Activity:
Reproduction without pictures: print every entry precisely as written.

(Items from a dataset)
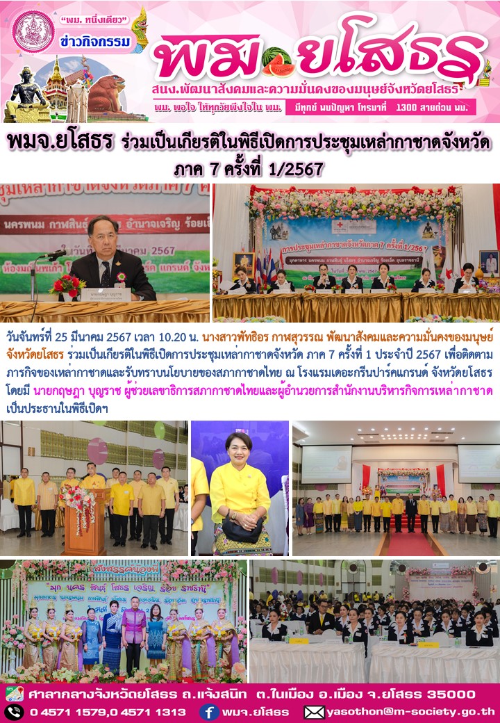 พมจ.ยโสธร ร่วมเป็นเกียรติในพิธีเปิดการประชุมเหล่ากาชาดจังหวัด ภาค 7 ครั้งที่ 1 ประจำปี 2567 (25 มีนาคม 2567)
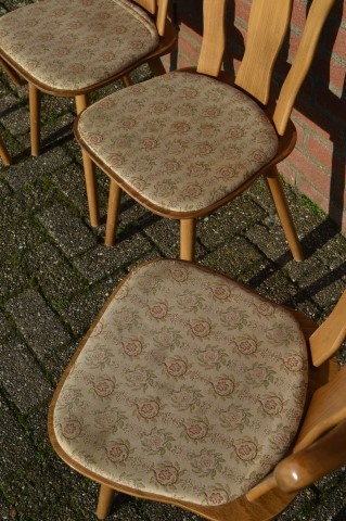 De houten frames zijn zeer stevig maar mochten de verbindingen los gaan, dan kun je ze zo weer lijmen. De bekleding heeft gebruiksslijtage maar zou gemakkelijk vervangen kunnen worden.
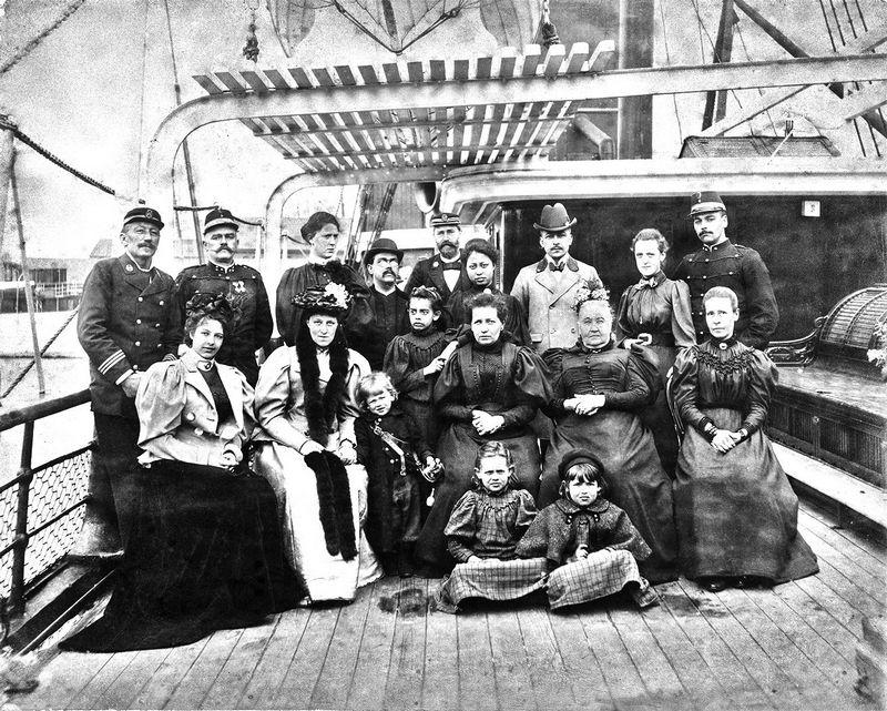Маргарита (сидит первая слева) и Рудольф МакЛеод (стоит второй справа). 1897 год
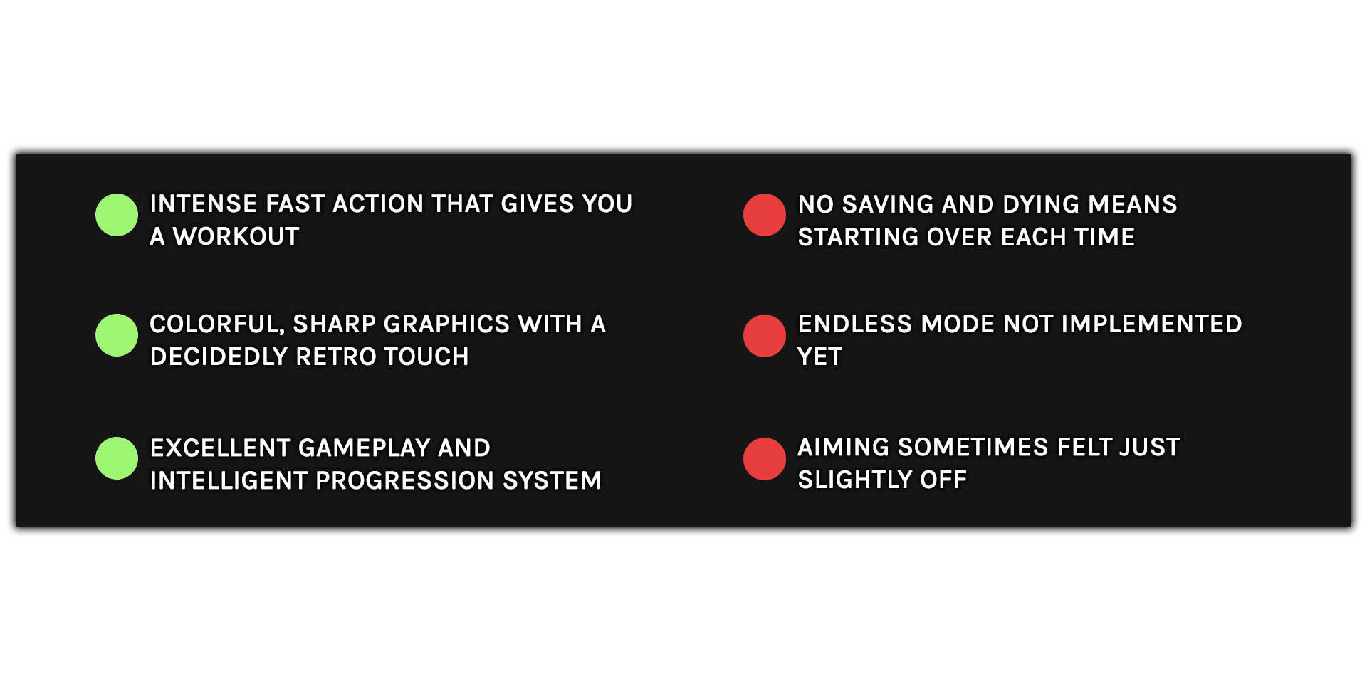 A shmup in VR is, for fans of this nostalgic genre, a brilliant idea. Yuki was clearly made by people who loved those old-school games. Yuki nails the intensity and feel of a proper vertical-scrolling shooter, the rogue-like aspects add a substantial layer of character progression, and the random generation elements keep things exciting.
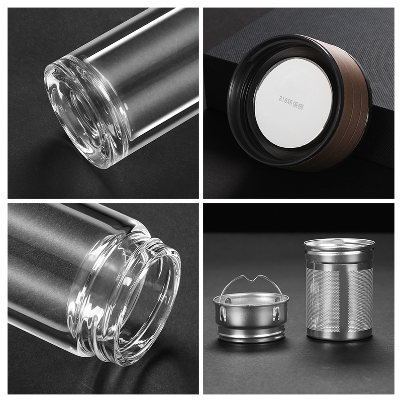 Glass teacup Personal high temperature resistant tea water separation double-layer glass men's high-grade thickened business water cup

Task response:
 พมจ.ยโสธร ร่วมเป็นเกียรติในพิธีเปิดการประชุมเหล่ากาชาดจังหวัด ภาค 7 ครั้งที่ 1 ประจำปี 2567 (25 มีนาคม 2567)
 De houten frames zijn zeer stevig maar mochten de verbindingen los gaan, dan kun je ze zo weer lijmen. De bekleding heeft gebruiksslijtage maar zou gemakkelijk vervangen kunnen worden.
Маргарита (сидит первая слева) и Рудольф МакЛеод (стоит второй справа). 1897 год
 A shmup in VR is, for fans of this nostalgic genre, a brilliant idea. Yuki was clearly made by people who loved those old-school games. Yuki nails the intensity and feel of a proper vertical-scrolling shooter, the rogue-like aspects add a substantial layer of character progression, and the random generation elements keep things exciting.
 Glass teacup Personal high temperature resistant tea water separation double-layer glass men's high-grade thickened business water cup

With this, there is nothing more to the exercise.